[[ ENTRIES PROVIDED open ]]

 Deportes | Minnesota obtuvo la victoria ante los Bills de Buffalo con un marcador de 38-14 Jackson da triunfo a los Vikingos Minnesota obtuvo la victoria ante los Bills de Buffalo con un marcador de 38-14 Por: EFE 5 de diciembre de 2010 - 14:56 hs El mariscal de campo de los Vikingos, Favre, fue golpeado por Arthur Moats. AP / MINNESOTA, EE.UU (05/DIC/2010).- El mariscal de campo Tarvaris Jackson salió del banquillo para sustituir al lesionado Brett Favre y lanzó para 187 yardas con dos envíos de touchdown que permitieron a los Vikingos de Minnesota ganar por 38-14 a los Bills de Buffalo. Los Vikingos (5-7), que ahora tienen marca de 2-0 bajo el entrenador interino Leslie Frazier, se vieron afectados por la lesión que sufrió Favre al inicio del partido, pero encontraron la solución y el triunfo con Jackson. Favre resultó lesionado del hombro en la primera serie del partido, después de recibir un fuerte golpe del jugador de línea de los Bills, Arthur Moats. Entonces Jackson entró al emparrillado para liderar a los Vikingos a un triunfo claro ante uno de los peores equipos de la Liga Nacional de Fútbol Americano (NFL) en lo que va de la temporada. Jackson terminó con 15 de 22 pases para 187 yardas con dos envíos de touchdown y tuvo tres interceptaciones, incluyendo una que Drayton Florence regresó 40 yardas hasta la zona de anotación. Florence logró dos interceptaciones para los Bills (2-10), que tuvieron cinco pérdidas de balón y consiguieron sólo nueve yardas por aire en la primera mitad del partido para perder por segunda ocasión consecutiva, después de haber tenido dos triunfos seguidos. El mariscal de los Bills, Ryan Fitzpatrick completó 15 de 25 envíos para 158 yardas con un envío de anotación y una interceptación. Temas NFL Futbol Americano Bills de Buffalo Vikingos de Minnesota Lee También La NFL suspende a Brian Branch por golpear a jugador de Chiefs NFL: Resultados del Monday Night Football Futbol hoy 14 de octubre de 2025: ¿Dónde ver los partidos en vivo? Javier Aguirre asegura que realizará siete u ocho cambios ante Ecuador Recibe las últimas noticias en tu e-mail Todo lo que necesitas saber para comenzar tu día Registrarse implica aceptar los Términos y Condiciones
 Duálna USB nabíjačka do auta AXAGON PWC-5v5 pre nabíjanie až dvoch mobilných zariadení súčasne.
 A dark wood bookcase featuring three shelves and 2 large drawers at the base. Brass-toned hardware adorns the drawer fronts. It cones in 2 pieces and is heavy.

[[ ENTRIES PROVIDED closed ]]
[[ ENTRIES PROVIDED open ]]

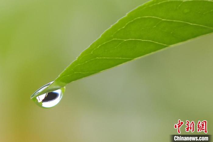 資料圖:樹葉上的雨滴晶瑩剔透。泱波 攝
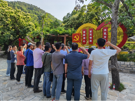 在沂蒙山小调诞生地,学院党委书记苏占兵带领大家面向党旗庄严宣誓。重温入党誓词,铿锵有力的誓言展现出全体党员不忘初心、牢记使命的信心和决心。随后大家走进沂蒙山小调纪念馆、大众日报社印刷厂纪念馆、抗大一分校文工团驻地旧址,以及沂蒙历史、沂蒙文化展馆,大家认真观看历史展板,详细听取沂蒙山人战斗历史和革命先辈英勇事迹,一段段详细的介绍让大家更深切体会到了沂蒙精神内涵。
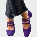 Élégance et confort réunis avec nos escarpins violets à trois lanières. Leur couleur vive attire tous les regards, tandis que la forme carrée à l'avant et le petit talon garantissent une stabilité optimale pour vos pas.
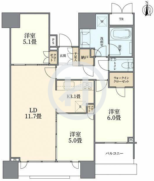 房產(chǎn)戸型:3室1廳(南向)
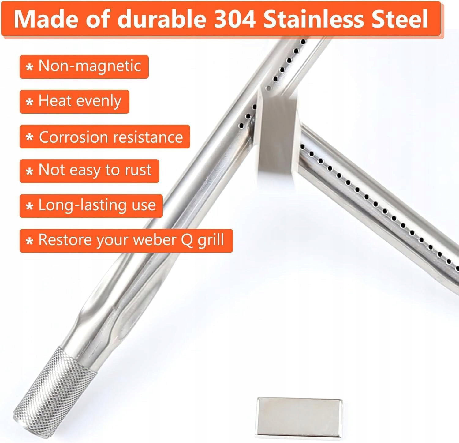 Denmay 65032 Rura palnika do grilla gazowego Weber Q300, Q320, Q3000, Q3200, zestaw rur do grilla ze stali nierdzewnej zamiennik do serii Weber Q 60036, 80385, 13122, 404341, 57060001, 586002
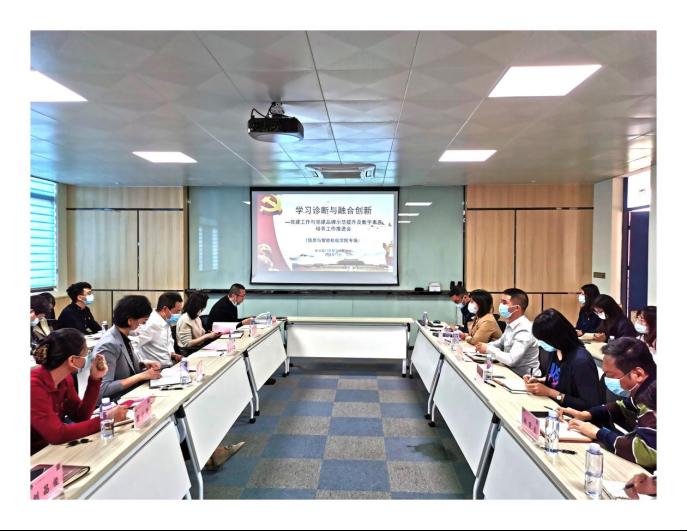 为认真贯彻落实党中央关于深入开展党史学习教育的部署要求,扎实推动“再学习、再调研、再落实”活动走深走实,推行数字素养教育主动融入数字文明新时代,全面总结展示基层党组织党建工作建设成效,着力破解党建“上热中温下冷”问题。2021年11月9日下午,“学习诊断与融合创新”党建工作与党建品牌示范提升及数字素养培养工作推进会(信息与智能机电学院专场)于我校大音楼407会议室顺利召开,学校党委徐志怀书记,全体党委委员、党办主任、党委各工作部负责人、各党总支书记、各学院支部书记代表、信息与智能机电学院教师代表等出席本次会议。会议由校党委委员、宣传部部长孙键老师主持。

[[ ENTRIES PROVIDED closed ]]

The reply should hold the entries above from the line with "Élégance et confort" to the line with "为认真贯彻落实党中央关于深入", duplicated exactly, pictures excluded.

**WRITTEN ANSWER**.
 Élégance et confort réunis avec nos escarpins violets à trois lanières. Leur couleur vive attire tous les regards, tandis que la forme carrée à l'avant et le petit talon garantissent une stabilité optimale pour vos pas.
 房產(chǎn)戸型:3室1廳(南向)
 Denmay 65032 Rura palnika do grilla gazowego Weber Q300, Q320, Q3000, Q3200, zestaw rur do grilla ze stali nierdzewnej zamiennik do serii Weber Q 60036, 80385, 13122, 404341, 57060001, 586002
 为认真贯彻落实党中央关于深入开展党史学习教育的部署要求,扎实推动“再学习、再调研、再落实”活动走深走实,推行数字素养教育主动融入数字文明新时代,全面总结展示基层党组织党建工作建设成效,着力破解党建“上热中温下冷”问题。2021年11月9日下午,“学习诊断与融合创新”党建工作与党建品牌示范提升及数字素养培养工作推进会(信息与智能机电学院专场)于我校大音楼407会议室顺利召开,学校党委徐志怀书记,全体党委委员、党办主任、党委各工作部负责人、各党总支书记、各学院支部书记代表、信息与智能机电学院教师代表等出席本次会议。会议由校党委委员、宣传部部长孙键老师主持。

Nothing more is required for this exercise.